The U.S. Food and Drug Administration (FDA), as expected, has issued emergency use authorization (EUA) for the coronavirus (COVID-19) vaccine produced by Pfizer and BioNTech and will begin distributing vaccinations immediately.
It’s the first vaccine approved to treat Americans against the virus, and distribution began over the weekend. It follows approval more than a week earlier by the U.K. and Canada. FDA Commissioner Dr. Stephen Hahn said the agency took the time to get it right.
“Today’s action follows an open and transparent review process that included input from independent scientific and public health experts and a thorough evaluation by the agency’s career scientists to ensure this vaccine met FDA’s rigorous, scientific standards for safety, effectiveness, and manufacturing quality needed to support emergency use authorization,” Hahn said.
The FDA said it had determined that the vaccine has “met the statutory criteria for issuance of an EUA.” It said the available data provides clear evidence that the Pfizer-BioNTech vaccine may be effective in preventing COVID-19.
Benefits vs. risks
The FDA said the data also supports the belief that the known and potential benefits outweigh the known and potential risks, supporting the vaccine’s use in millions of people 16 years of age and older.
The distribution has already begun. Pfizer said it is leveraging three of its U.S. manufacturing sites to produce the COVID-19 vaccine – Saint Louis, Andover, Mass., and Kalamazoo, Mich. Pfizer’s Pleasant Prairie, Wisconsin, and Puurs, Belgium sites are also being used.
To address concerns about the logistical challenges of delivering a frigid vaccine, Pfizer said it has experience and expertise in cold-chain shipping and has an established infrastructure to supply the vaccine worldwide, including distribution hubs that can store vaccine doses for up to six months.
In accordance with guidance from the Centers for Disease Control and Prevention (CDC), the first vaccinations are being administered to frontline health care workers and to staff and residents of long-term care facilities.
Retail pharmacy network
FedEx said it has been tasked with delivering the vaccine to distribution points around the country, a job made more challenging because the vaccine must be kept at extreme low temperatures, packed in dry ice.

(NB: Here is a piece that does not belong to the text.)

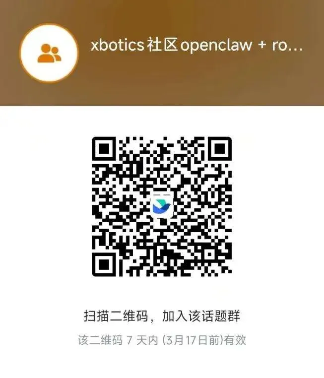 欢迎加入Xbotics社区的「OpenClaw + Robot」飞书群——这里是「OpenClaw + Robot」的第一社区。

“This is among the most important work in the history of our company, and we’re honored to be a part of the effort to help end this pandemic,” said Raj Subramaniam, president and CEO, FedEx Corp. “I am immensely proud of our dedicated team members who continue to go above and beyond to help ensure the safe movement of these critical COVID-19 vaccines, especially during our busiest holiday shipping season to date.”